C’è un’industria automobilistica che ha una strategia di sviluppo ambiziosa. E non è tedesca. Parlo di Nissan che in questi giorni ha riunito la stampa internazionale negli Stati Uniti per illustrare i piani per il futuro. L’evento coinvolge anche il marchio di lusso Infiniti e quello appena rilanciato (era stato abbandonato nel 1981) e per ora dedicato solo ai Paesi emergenti, Datsun.
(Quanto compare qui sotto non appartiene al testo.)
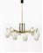 Lampada da sospensione in metallo e ottone a otto luci con diffusori in vetro satinato opalino. Italia, anni '60. (h cm 88; d cm 88) (lievi difetti e restauri)
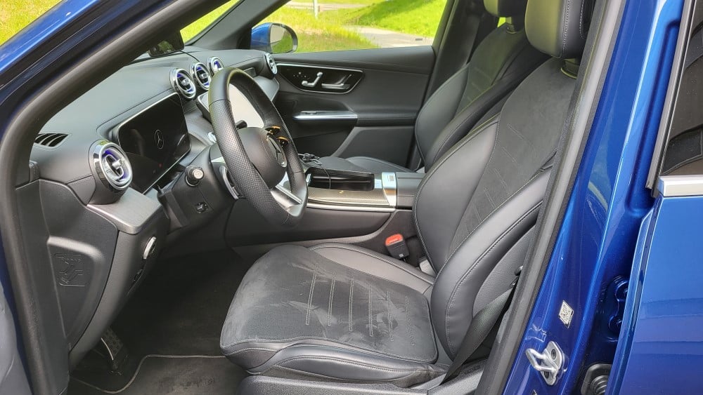 Our test car was equipped with the following additional accessories: AMG Line exterior, AMG Styling, electrically retractable tow hook, AMG alloy wheels, metallic paint, dashboard trim, centre console trim, Driver Assistance Package Plus, Keyless Go package, Guard 360 settings, Emergency Alert Package, MBUX with added reality navigation system, USB Package Plus, Traffic Sign Assist, Driving Dynamics Package and 60kW DC fast charging socket.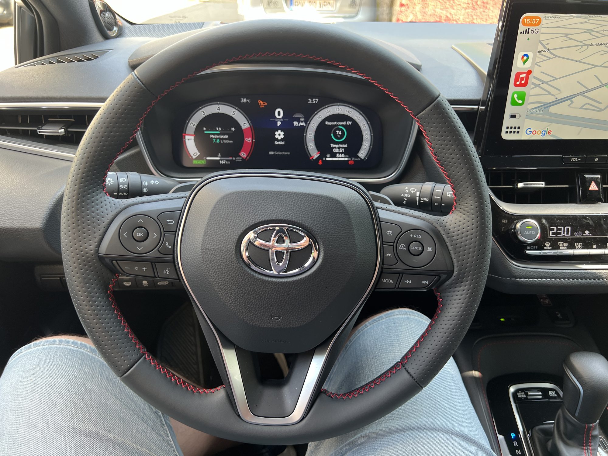 Fiind o mașină hibridă pe benzină, Corolla GR Sport necesită turatii mai mari pentru a experimenta pe deplin cei 200 CP. În timpul depășirilor, este necesar să urci peste 4000 RPM pentru a simți cu adevărat potențialul mașinii. Deși poți depăși fără a forța prea mult, accelerarea nu va fi suficient de rapidă pentru a realiza manevra în siguranță dacă nu apeși mai tare pe accelerație. După 4000 RPM, puterea și cuplul sunt evidente, dar vin cu un zgomot ușor deranjant pe termen lung, care poate fi plăcut pentru cei care apreciază sunetul unui motor sport.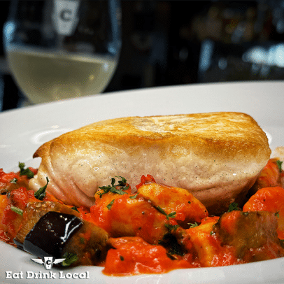 potato gnocchi • eggplant • chive oil • romesco sauce

I giapponesi hanno dichiarato di voler raggiungere entro il 2016 una quota di mercato dell’8%, l’equivalente di circa, alle stime di oggi, più di 6 milioni di veicoli. Nel 2012 si erano fermati a 4,914 milioni. In pratica circa 1 milione di unità in 4 anni. Non pochi. Tanto più se nel primo semestre del 2013 le vendite globali sono scese a 2.524.499 unità, con un -3,8% su base annua. Lo stesso contributo alla causa da qui al 2016 di Infiniti (“pensiamo a costruire il brand più che ai volumi”) e di Datsun (“sul mercato dal 2014  e solo in India, Indonesia, Russia”) sarà ridotto al minimo e di modelli aggiuntivi di volume non se ne vedono (mentre la gamma delle elettriche sarà composta di 5 modelli). In Nissan puntano diritti anche all’aumento dei profitti: nel 2016 i giapponesi vogliono arrivare all’8% contro l’attuale 6% circa.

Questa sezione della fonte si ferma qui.